Ячейку закрепляют в термостатирующем блоке амплификатора, также содержащем элементы Пельтье и радиатор. Запускают процесс амплификации и проводят 40 циклов ПНР. Одновременно с помощью устройства подают на электроды переменный электрический сигнал с частотой от 100 до 1000000 Гц, таким образом, чтобы соседние электроды имели противоположную полярность и записывают диэлектрические потери в реакционной системе на различной частоте для каждой реакционной зоны в память компьютера, совмещенного с устройством. Компьютер обрабатывает полученные данные по специальной программе и на их основе дает ответ о присутствии искомой ДНК в исследуемом биологическом материале. Таким образом удается провести идентификацию ДНК курицы в одной реакционной зоне и ДНК индейки в другой.
Пример 3.
Опыт проводят аналогично примеру 2, однако, используют ячейку, содержащую 8 электродов и 4 реакционные зоны. Готовят 4 реакционные смеси. Первая смесь содержит праймеры, специфичные для ДНК сои, указанные в примере 1, вторая смесь содержит праймеры, специфичные для ДНК пшеницы - прямой 5'- GGGTTCCATCCAAACTCAG-3' и обратный 5'- GGTACCCTGTGCCAATTGT-3', третья смесь содержит праймеры, специфичные для ДНК курицы, указанные в примере 5, четвертая смесь содержит праймеры, специфичные для ДНК индейки, указанные в примере 2. В каждую из реакционных зон помещают свою реакционную смесь, затем в каждую реакционную зону вносят по 1 мкл раствора ДНК неизвестной природы.
Идентификацию молекул ДНК проводят аналогично примеру 2, однако, измеряют электрическую емкость и диэлектрические потери в реакционной системе на различной частоте. Устройство позволяет идентифицировать исследуемую ДНК как ДНК пшеницы.
Были проведены дополнительные эксперименты, которые показали, что если устройство будет содержать только амплификатор ДНК или только детектор продуктов реакции, то устройство не будет функционировать.

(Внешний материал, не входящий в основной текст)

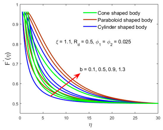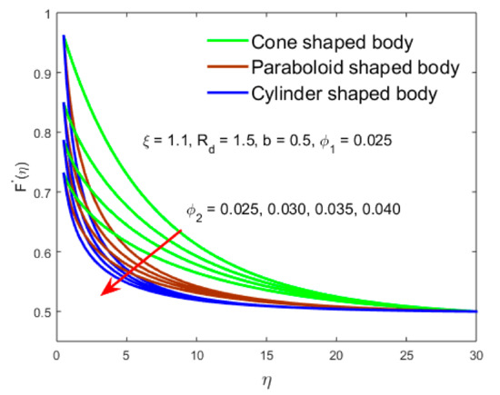 Additionally, it explains that the thickness of the velocity and the (MBLF) declines with for the ASSF and augments for the OPPF. The outcome of the velocity gradient in Figure 5 is showing a contrary behavior in both the cases of ASSF and OPPF as we compare with the solution curves of Figure 2. From Figure 6, it is transparent that due to the shape bodies, the velocity field is decelerated for the higher impact of . In comparison, the flow of the velocity field over the cone shape body is finer than the rest of the two-shape body. Generally, the velocity upsurges due to the fact that type B hybrid nanofluid dynamic viscosity has an inverse relationship to nanoparticle volume fraction. Hence, an augmenting in guides to the decline’s viscosity of base liquid and therefore speeds up the motion of the liquid flow.
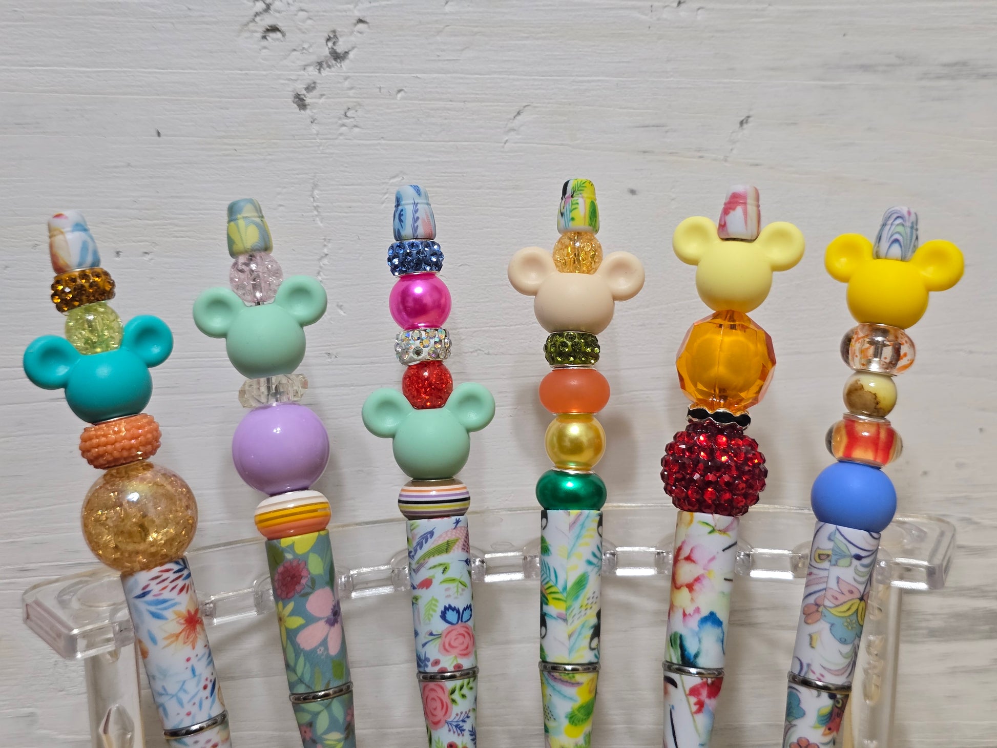 Homemade pens with mouse charm. Different style bases for all pens. Refillable pens
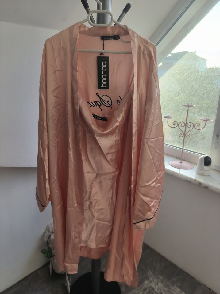 Pembe parlak saten kumaştan, baskılı ve askılı kollu, bol kesim midi sabahlık, Paris esintili sokak stilini yansıtıyor. hiç kullanılmamıştır E-Ticket üzerinde 2 parça dir
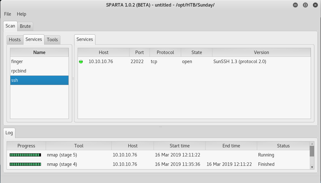 5. We got some juicy information such as finger service, but some common ports such as SSH and HTTP are missing. To make sure we do not miss out on ports, let’s use SPARTA to find out other ports as well.
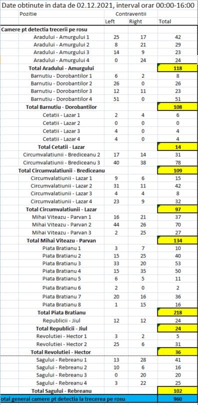 Conform edilului, sunt 10 intersecții supravegheate de 37 de echipamente, în medie sunt 1.500 de treceri pe roșu pe zi în aceste intersecții din tabel.
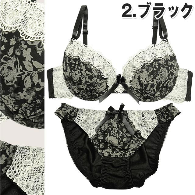 大人COOLでSEXYに魅せるブラショーが登場☆デザインは流行りのROSE柄に可愛い白レースが被さっています♪ショーツも同じROSE柄×白レースのデザイン◎胸元はショーツと同じリボン付き☆パッドはWパッド仕様なので谷間MAKEも完璧♪大人COOL×SEXYデザイン☆なので超オススメだよ♪
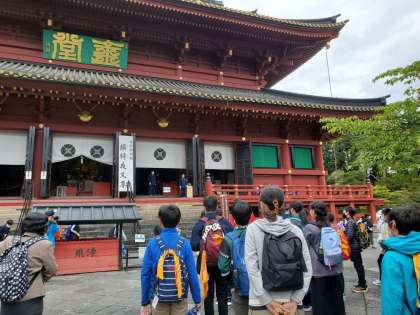 10/13 6年生修学旅行(2) 公開日 2022/10/13 更新日 2022/10/13 できごと バスは順調に日光へ。早くも最初の見学地輪王寺に到着しました。(写真上:輪王寺を拝覧する6年生 下:そして次は東照宮)

Также экспериментально было установлено, что если в качестве детектора устройство будет содержать ячейку, не обладающую, по крайней мере, поверхностными диэлектрическими свойствами, то предложенная система будет неработоспособной. Также экспериментально было найдено, что устройство не будет функционировать, если ячейка в детекторе продуктов реакции будет содержать только один электрод или когда каждый из электродов не будет соединен с устройством, позволяющим подавать электрический сигнал с различной частотой и измерять электрическую емкость и/или диэлектрические потери на различной частоте, в помещенной ячейку реакционной системе. Также экспериментально было доказано, что предлагаемая полезная модель будет неработоспособной, если соединенное с электродами устройство будет подавать только электрический сигнал с различной частотой, но не будет давать возможность измерять электрическую емкость и/или диэлектрические потери на различной частоте в помещенной в ячейку реакционной системе после подачи на нее электрического сигнала. Экспериментально было установлено, что если соединенное с электродами ячейки устройство будет неспособно подавать электрический сигнал на электроды, или будет способно подавать электрический сигнал только с одной частотой, то полезная модель утрачивает свою работоспособность.
Таким образом, из приведенных примеров видно, что предлагаемая полезная модель действительно дает возможность идентифицировать молекулы ДНК у биологических объектов, конструктивно проста и дает возможность упростить эксплуатацию данного устройства. Кроме того, данная полезная модель расширяет арсенал технических средств, которые могут быть использованы для идентификации молекул ДНК.
Устройство для идентификации молекул ДНК, состоящее из амплификатора ДНК и детектора продуктов реакции, отличающееся тем, что в качестве детектора оно содержит ячейку, по крайней мере, дно которой обладает диэлектрическими свойствами, с расположенными на нем не менее чем двумя электродами, и каждый из электродов соединен с устройством, позволяющим подавать переменный электрический сигнал с различной частотой и измерять электрическую емкость и/или диэлектрические потери на различной частоте.